- What you will do
Transcribe everything in the listing below exactly, except the pictures.

- Raw data
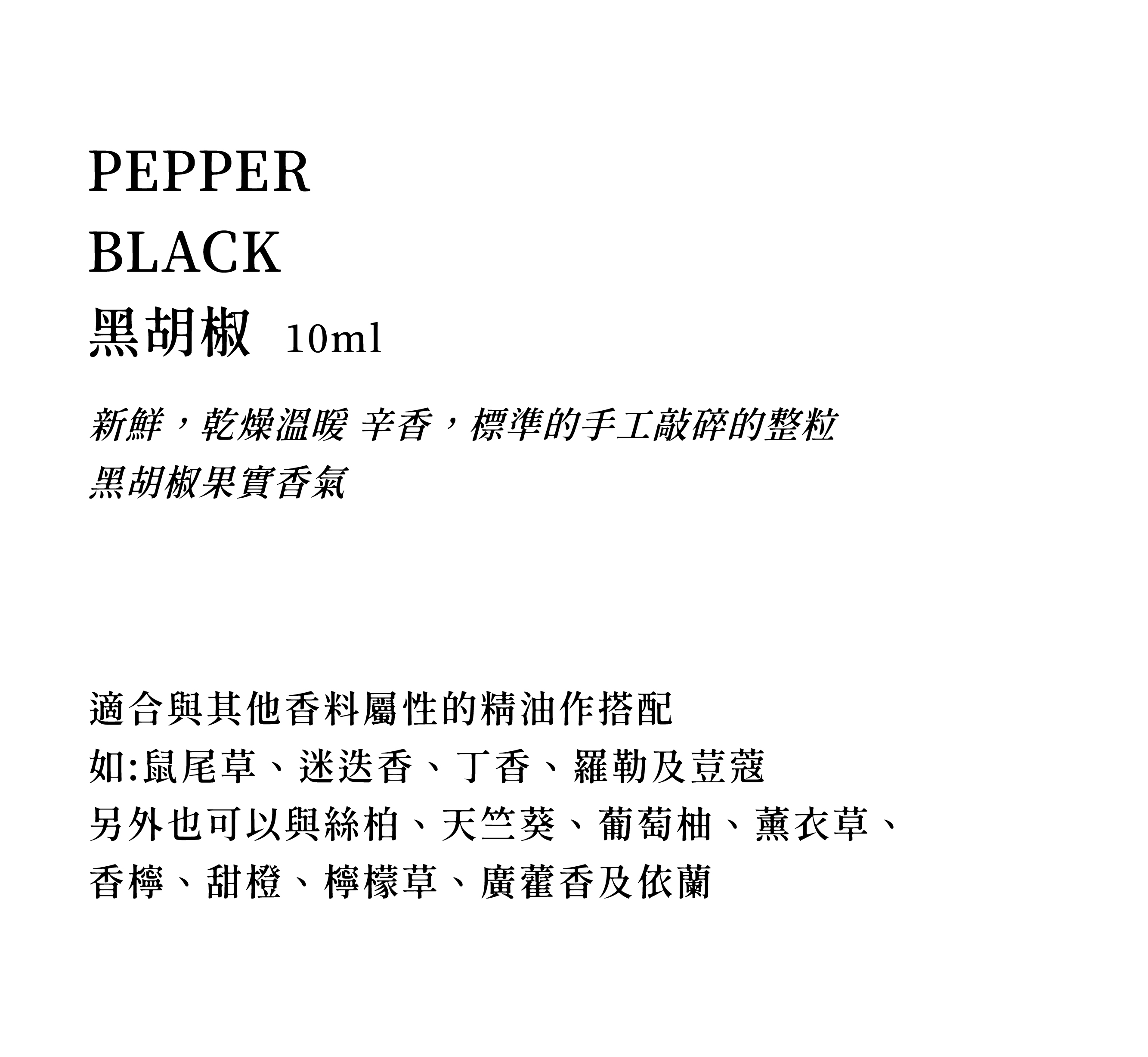 新鮮,乾燥溫暖 辛香,標準的手工敲碎的整粒黑胡椒果實香氣。適合與其他香料屬性的精油作搭配。
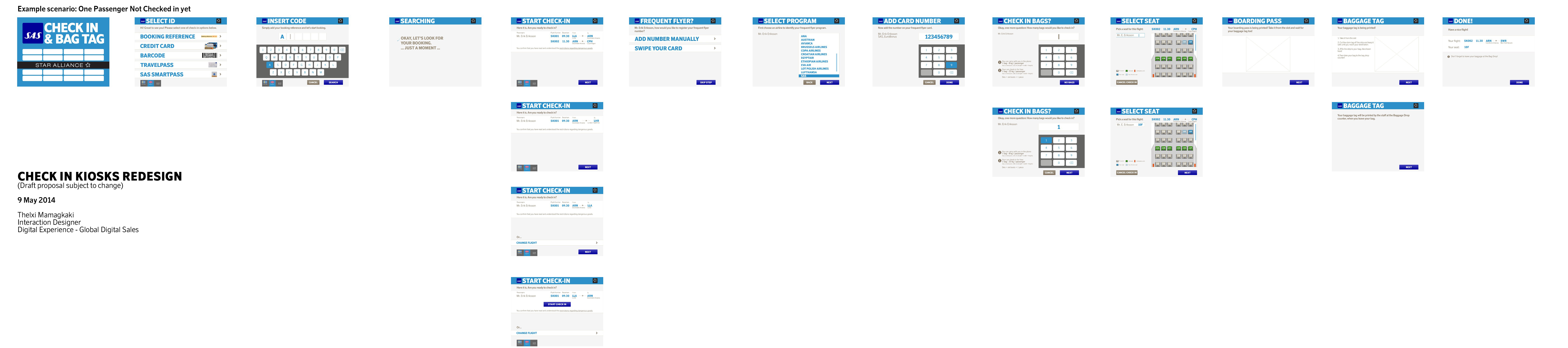 My main job was to redesign the UI of the SAS self service check-in kiosks to cater for a better UX and give it a new, refreshed SAS look. Moreover I had to design the flows for the new features that will come in the future to offer ancillary services and payment.
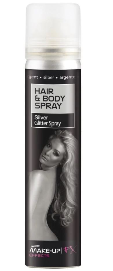 75ml bottle of Silver Hair and Body Hairspray. Temporary hair colour.
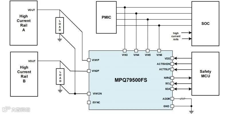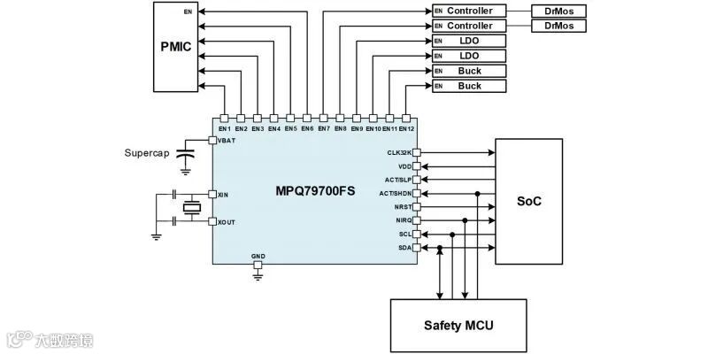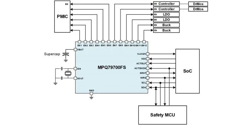 一个自动驾驶系统庞大,除了主芯片核心供电之外,还有很多外设,I/O口等都需要供电,这些供电往往需要独立的小电源来供电,而这些小电源的上下电时序以及功能安全设计,独立的小电源自己无法满足。针对这个需求,MPS推出了MPQ79500和MPQ79700两款能够支持汽车安全等级 ASIL-D级芯片,帮助复杂系统轻松实现的功能安全系统设计。

- Your solution
 新鮮,乾燥溫暖 辛香,標準的手工敲碎的整粒黑胡椒果實香氣。適合與其他香料屬性的精油作搭配。
 My main job was to redesign the UI of the SAS self service check-in kiosks to cater for a better UX and give it a new, refreshed SAS look. Moreover I had to design the flows for the new features that will come in the future to offer ancillary services and payment.
 75ml bottle of Silver Hair and Body Hairspray. Temporary hair colour.
 一个自动驾驶系统庞大,除了主芯片核心供电之外,还有很多外设,I/O口等都需要供电,这些供电往往需要独立的小电源来供电,而这些小电源的上下电时序以及功能安全设计,独立的小电源自己无法满足。针对这个需求,MPS推出了MPQ79500和MPQ79700两款能够支持汽车安全等级 ASIL-D级芯片,帮助复杂系统轻松实现的功能安全系统设计。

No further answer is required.